Table of Contents

Workflow Conventions

This page documents the cross-cutting conventions that all devops-plugin agents follow. Understanding these conventions makes it easier to trace a YouTrack issue through the pipeline, interpret git history, and diagnose failures.

Branch naming

Feature branches follow the convention:

<type>/<issue-id>-<short-slug>

Examples:

Branch Type When to use
feat/COR-42-login-flow feat New feature
fix/COR-87-duplicate-webhook fix Bug fix
chore/COR-99-bump-deps chore Maintenance
docs/COR-1071-restructure-docs docs Documentation-only

Branches are created off main and deleted after merge.

Commit message format

All commits follow Conventional Commits:

<type>(<scope>): <subject>

<body — what changed and why>

Resolves COR-<N>
Co-Authored-By: Claude <noreply@anthropic.com>

The Co-Authored-By trailer is required on all AI-generated commits.

PR label flow

Labels drive handoffs between agents:

flowchart LR
    %% PR label state machine
    Open([PR opened])
    Ready[Label: Ready]
    NeedChanges[Label: Need Changes]
    Merged([Merged])

    Open -->|issue-resolver applies| Ready
    Ready -->|pr-reviewer approves| Merged
    Ready -->|pr-reviewer requests changes| NeedChanges
    NeedChanges -->|pr-resolver fixes| Ready
Label Applied by Means
Ready issue-resolver, pr-resolver PR is ready for review
Need Changes pr-reviewer Reviewer has requested changes

Issue routing

issue-resolver determines which specialist agent (if any) implements the change by walking a four-level priority chain:

  1. Lane field (deterministic): frontendblazor-frontend-coder, backendcsharp-backend-coder, designerui-designer, docsdoc-writer.
  2. Git Repo map (fallback when Lane is unset): docdoc-writer; dev-software-plugin, officialsite, manifest → self-implement.
  3. Keyword sniff (last resort): if issue summary/description contains mock, wireframe, or visual designui-designer.
  4. Self-implement (default): resolver implements the change directly.

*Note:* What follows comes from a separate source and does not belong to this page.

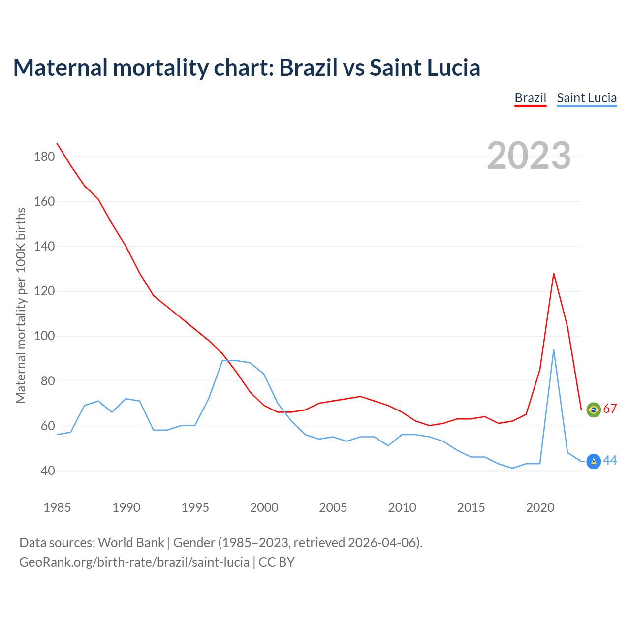 The maternal mortality rate, which is the probability of dying during childbirth or within 42 days of pregnancy termination, is 67 deaths per 100,000 live births in Brazil, compared to 44 deaths in Saint Lucia.

Monorepo guard: repos listed in KNOWN_MONOREPOS trigger a hard stop — the resolver posts a comment asking the planner to split the work into per-lane sub-issues.

YouTrack custom fields

Field Values Purpose
Stage To Do, In Progress, Done Pipeline progress
Assignee Claude_Code or a human user Signal for auto-pickup; unset when work begins
Git Repo repo name (e.g. doc, shop) Which repository the issue targets
Lane frontend, backend, designer, docs Forces routing to a specific specialist

Open Questions guard

If an issue description contains an ## Open Questions section with at least one non-empty bullet, issue-resolver blocks and exits without implementing anything. The convention is:

  1. Run issue-clarifier (manually invoked by the operator) to resolve questions via Discord.
  2. issue-clarifier folds answers back into the description and removes the section when all questions are resolved.
  3. Re-dispatch the issue.

Heartbeat notifications

All pipeline agents send Discord notifications at key milestones using the notify-discord skill:

  • Start: blue embed, status processing, elapsed 0s.
  • Periodic: one heartbeat per ~60s of wall-clock work; skipped if less than 60s since last one.
  • Completion: green embed (done) on success; red embed (failure) on error or block.

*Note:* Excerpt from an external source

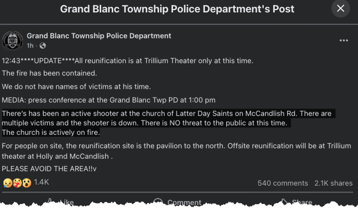 post, stating: "There has been an active shooter at the Church of Jesus Christ of Latter-day Saints on McCandlish Road. There are multiple victims and the shooter is down. There is no threat to the public at this time. The church is actively on fire."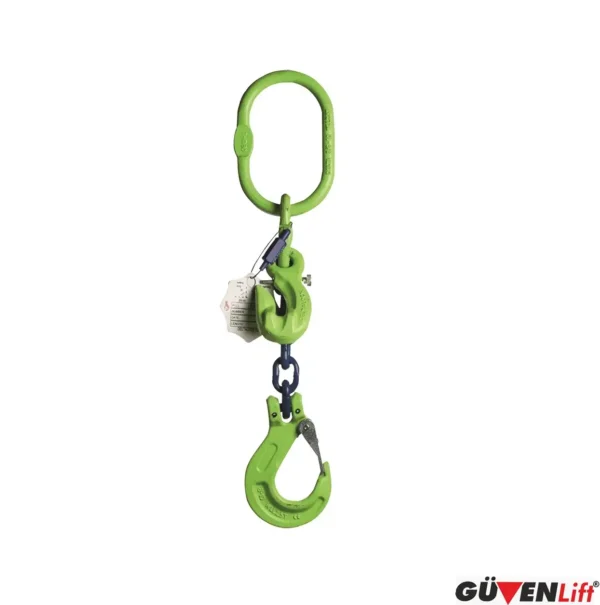 Güvenlift güvencesiyle sunulan 1 Kollu Zincir Sapan (GRADE 100), tek noktadan bağlantı gerektiren yüklerin vinçle güvenli bir şekilde taşınması için tasarlanmış profesyonel bir kaldırma aparatıdır. Sahip olduğu kısaltma kancası sayesinde zincir boyu saniyeler içinde ayarlanabilirken, GRADE 100 alaşımlı çelik yapısı sayesinde hafif ve yüksek mukavemetli bir kullanım sunar.

A failed notification must never block the workflow — agents log the error and continue.

Credential and authentication rules

Agents must never create scripts or commands to extract, read, or construct auth tokens (e.g. git credential fill, reading .gitconfig, parsing credential stores). For git operations, rely on the configured credential helper. For API operations, use MCP tools. If auth fails, stop and report the error.